Dalla Signoria al Principato
Per completare, dal punto di vista formale, la legittimazione del potere
signorile, alla delega dal basso si aggiungeva solitamente un solenne
riconoscimento dall'alto, da parte dell'imperatore o del Papa.
Il Signore assunse il titolo di vicario imperiale o papale, di conte,
marchese o duca. Il titolo divenne ereditario e il dominio personale si
trasformò in una dinastia stabile e duratura.
La Signoria venne così a mutarsi in un vero e proprio Principato, a
carattere dinastico e autoritario, ormai slegato completamente da ogni
base popolare.
Le principali Signorie e Principati che si imposero in Italia in questo periodo
furono: i Visconti a Milano, gli Scaligeri a Verona, gli Estensi a Ferrara, i
Gonzaga a Mantova, i Malatesta a Rimini, i Da Polenta a Ravenna, i
Monferrato, i Saluzzo e i Savoia in Piemonte.
Le compagnie di ventura
Fenomeno caratteristico dell'età delle Signorie e dei Principati fu
quello delle Compagnie di ventura, formazioni militari mercenarie
composte di soldati volontari al servizio di un condottiero.
Esse erano disponibili ad arruolarsi al servizio dei vari Signori a
seconda di chi offrisse un compenso più elevato.
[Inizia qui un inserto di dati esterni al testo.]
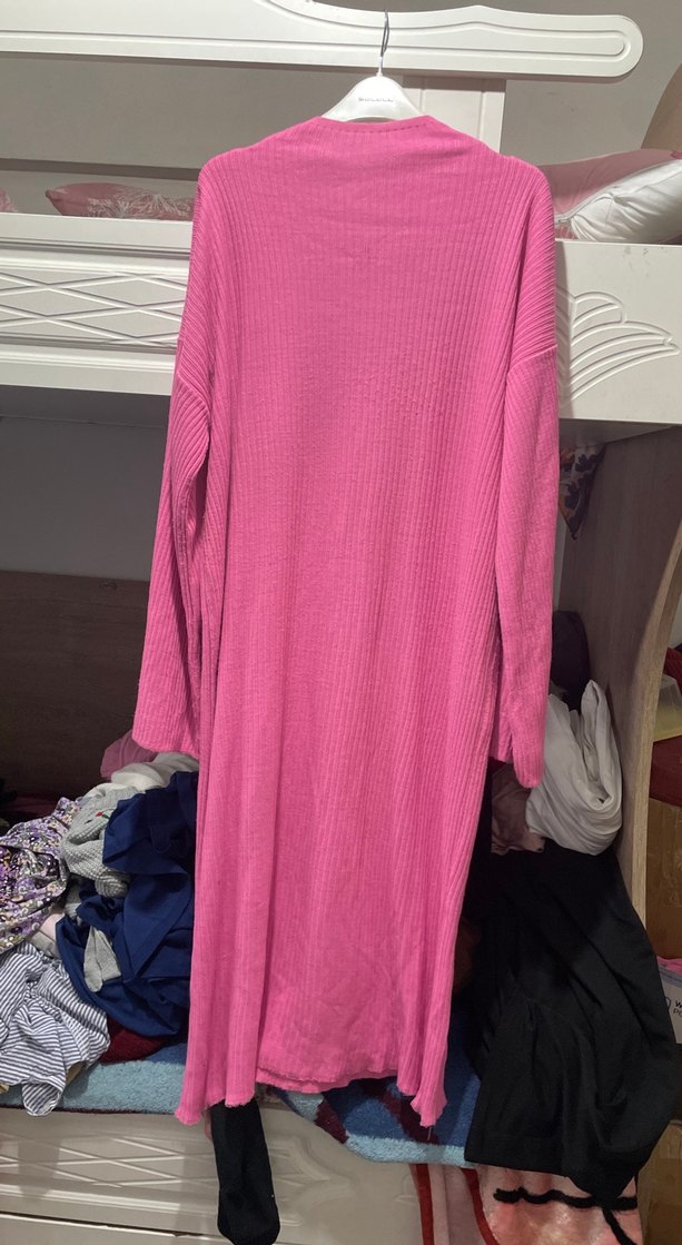 Pembe pastel renkte, uzun kollu ve boğazlı yakalı uzun triko elbise. Yumuşak sentetik kumaştan, rahat ve gündelik kullanıma uygun.
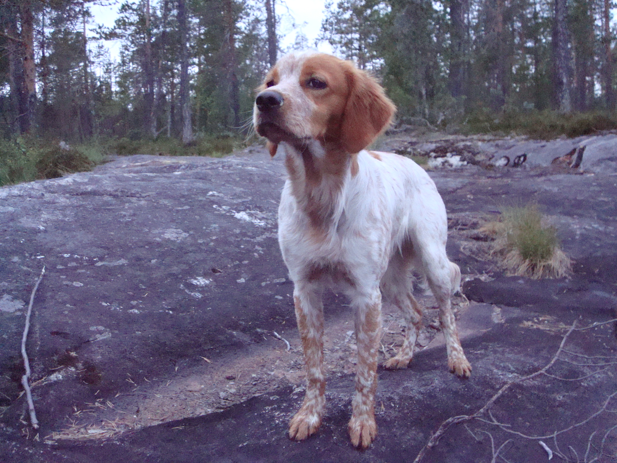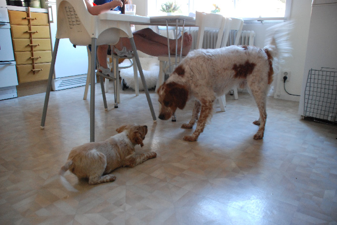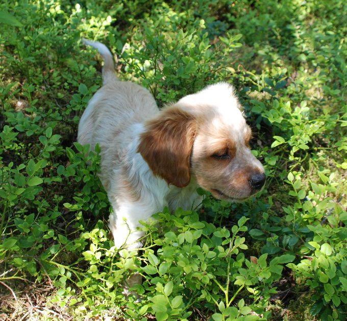 Publicerat Juni 27, 200916 yr Författare Idag har varit en dag kantad med massor av nya intryck för valpen. Skogspromenad stod på schemat men de ble sååååå mkt mer idag Sagt o gjort, ut i skogen. Lite senare fick Primus känna på sin första fågelkontakt. Inget som utlöste stånd, då jag kallade bort dem från vittringen, men ändå Vi hörde fågeln lätta 30m in i skogen. Klättra bland stenar o bada ifrån halkiga algstenar hörde väl ibte till favoriterna men inte heller nå läskigt direkt. Så varmt de va kan man ju inte heller vara utan ett dopp Älskar man korv kan inte lite vatten avskräcka. Inte ens en simtur. Att de var 20grader minst i sjön gjorde ju inte saken svårare Med fågelkontakten från skogspromenaden i minne kom ju givetvis en ripvinge o metspöet fram fram för att kolla hur de stod till med ståndanlagen Sen har det varit en del sittövningar o så också men inget me bild. Imorgon e de nya äventyr

I signori, per conservare il proprio potere nello stato in cui si erano
insediati, dovettero infatti sostituire le antiche milizie comunali e si servirono di
queste nuove formazioni mercenarie.
Dapprima le Compagnie di ventura furono composte quasi esclusivamente di
soldati stranieri. Successivamente si formarono anche Compagnie
italiane fra cui ricordiamo quella di Francesco da Bussone, conte di
Carmagnola.
Altri poi furono condottieri dell'epoca, le cui imprese audaci e violente
caratterizzarono la vita del secolo XV, tra i quali ricordiamo il figlio di Francesco
Sforza che divenne poi signore di Milano.